Generate Synthetic Time-series Data with Open-source Tools
An introduction to the generative adversarial network model DoppelGANger, and how you can use a new open-source PyTorch implementation of it to create high-quality synthetic time-series data.
Time series data, a sequence of measurements of the same variables across multiple points in time, is ubiquitous in the modern data world. Just as with tabular data, we often want to generate synthetic time series data to protect sensitive information or create more training data when real data is rare. Some applications for synthetic time series data include sensor readings, timestamped log messages, financial market prices, and medical records. The additional dimension of time where trends and correlations across time are just as important as correlations between variables creates added challenges for synthetic data.

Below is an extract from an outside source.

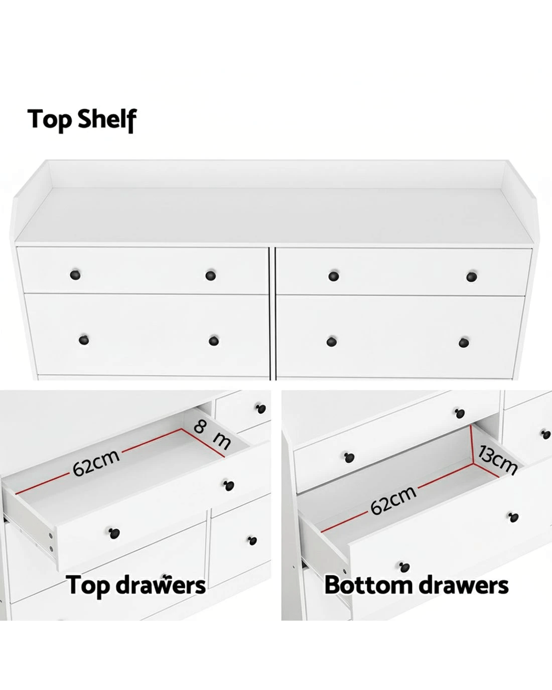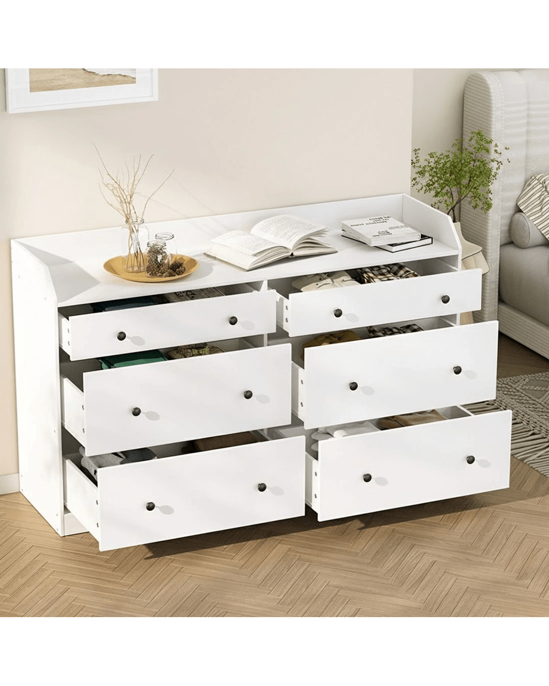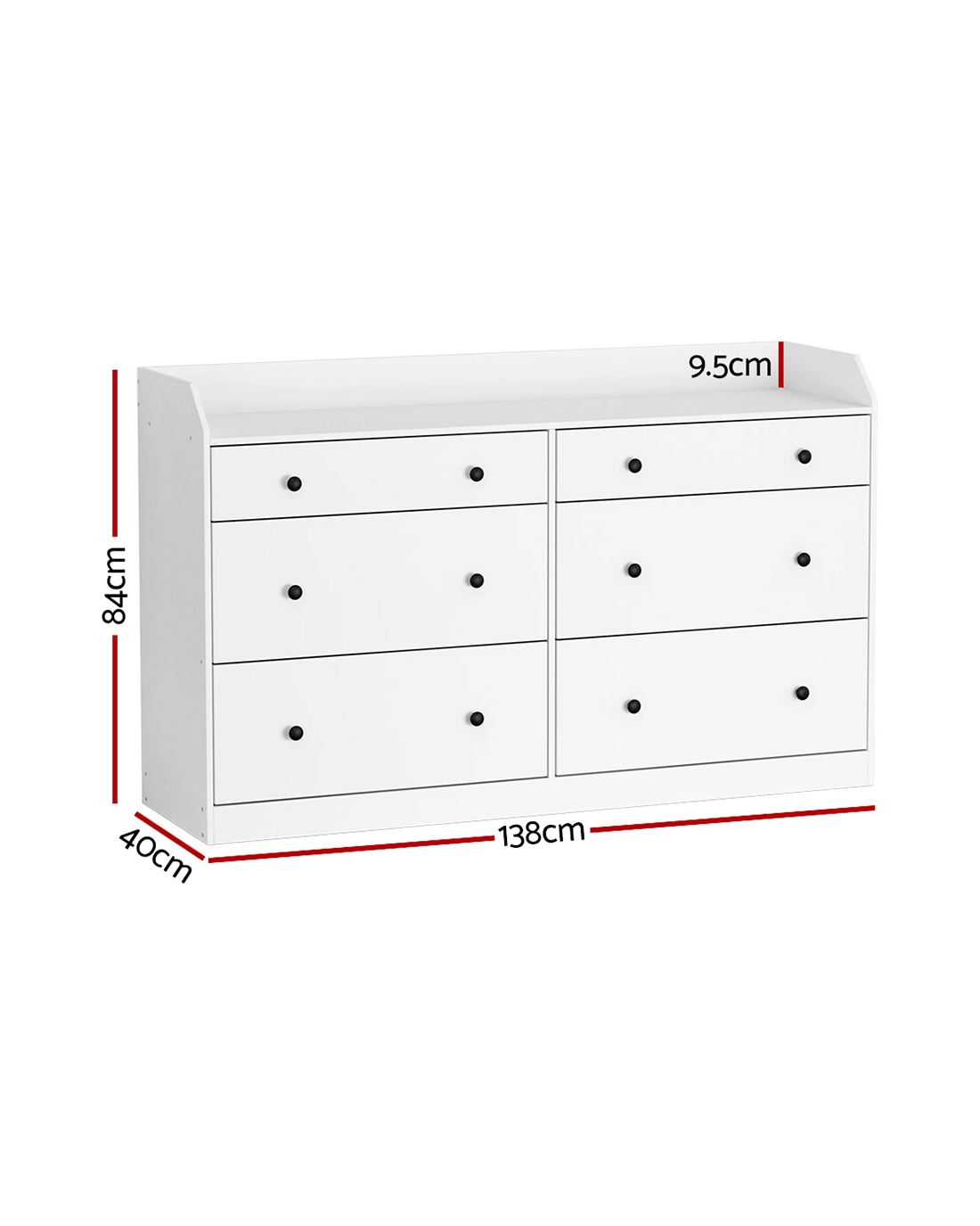 Introducing the Artiss Pete Chest of Drawers. Made with a high-density particleboard frame for high durability, the chest of drawers is designed to last. With a generous top shelf and six spacious drawers, each fitted with a smooth glide mechanism, it provides ample storage to keep your space organized and clutter-free. The sleek drawer handles and anti-rust-coated drawer runners allow for smooth and hassle-free operation at all times. This chest of drawers, offering a blend of style and utility, is an unmissable addition to your furniture ensemble.

At Gretel, we’ve previously published blogs on synthesizing time series data (financial data, time series basics), but are always looking at new models that can improve our synthetic data generation. We really liked the DoppelGANger model and associated paper (Using GANs for Sharing Networked Time Series Data: Challenges, Initial Promise, and Open Questions by Lin et. al.) and are in the process of incorporating this model into our APIs and console. As part of that work, we reimplemented the DoppelGANger model in PyTorch and are thrilled to release it as part of our open source gretel-synthetics library.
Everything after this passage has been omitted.